### The task
What follows is a listing to transcribe exactly, leaving the pictures out.

### Data below
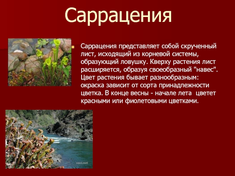 ловушку. Кверху растения лист расширяется, образуя своеобразный "навес". Цвет растения бывает разнообразным: окраска зависит от сорта принадлежности цветка. В конце весны - начале лета цветет красными или фиолетовыми цветками.
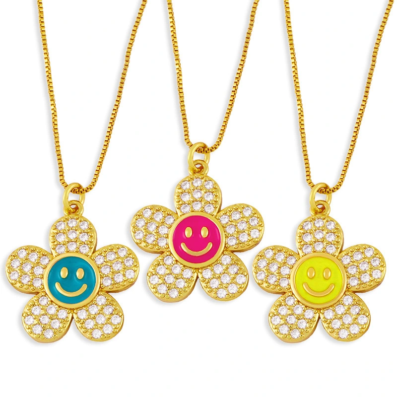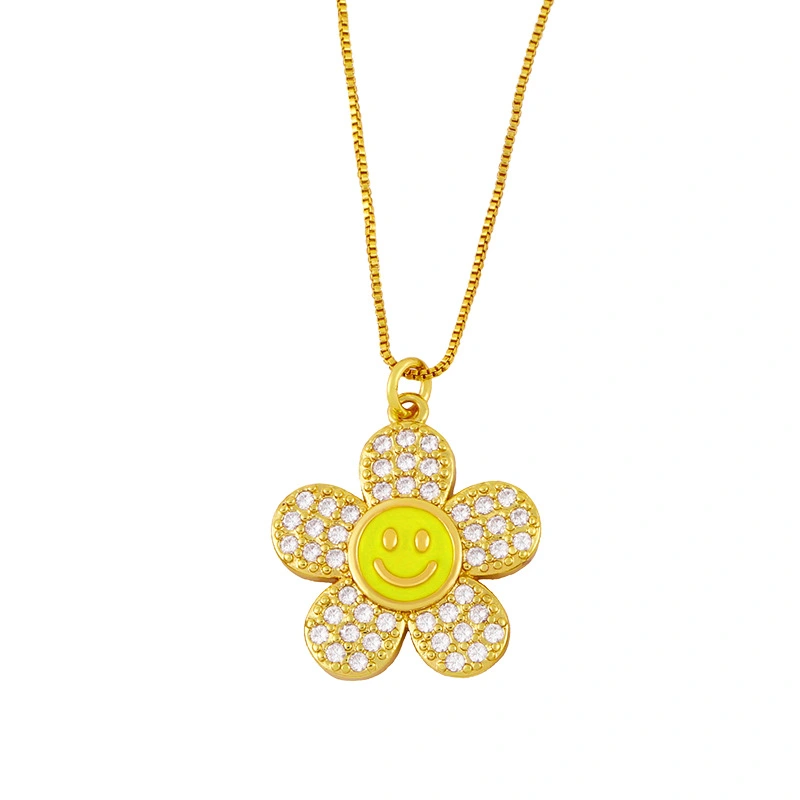 قلادة زهرة مبتسمة صيفية أنيقة بتصميم أنيق للنساء من الهيب هوب، سلسلة ترقوة nkv96
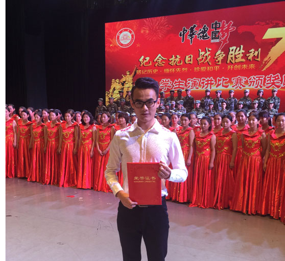 9月25日,为弘扬伟大的爱国主义精神,铭记历史、缅怀先烈,由中共山东省委高校工委、新华网山东频道主办的全省高校大学生“中华魂·中国梦”纪念抗日战争胜利70周年演讲比赛决赛在临沂大学举行,山艺戏剧影视学院2012级播音与主持艺术专业的陈钊同学荣获一等奖。

### Answer to this problem
 ловушку. Кверху растения лист расширяется, образуя своеобразный "навес". Цвет растения бывает разнообразным: окраска зависит от сорта принадлежности цветка. В конце весны - начале лета цветет красными или фиолетовыми цветками.
 قلادة زهرة مبتسمة صيفية أنيقة بتصميم أنيق للنساء من الهيب هوب، سلسلة ترقوة nkv96
 9月25日,为弘扬伟大的爱国主义精神,铭记历史、缅怀先烈,由中共山东省委高校工委、新华网山东频道主办的全省高校大学生“中华魂·中国梦”纪念抗日战争胜利70周年演讲比赛决赛在临沂大学举行,山艺戏剧影视学院2012级播音与主持艺术专业的陈钊同学荣获一等奖。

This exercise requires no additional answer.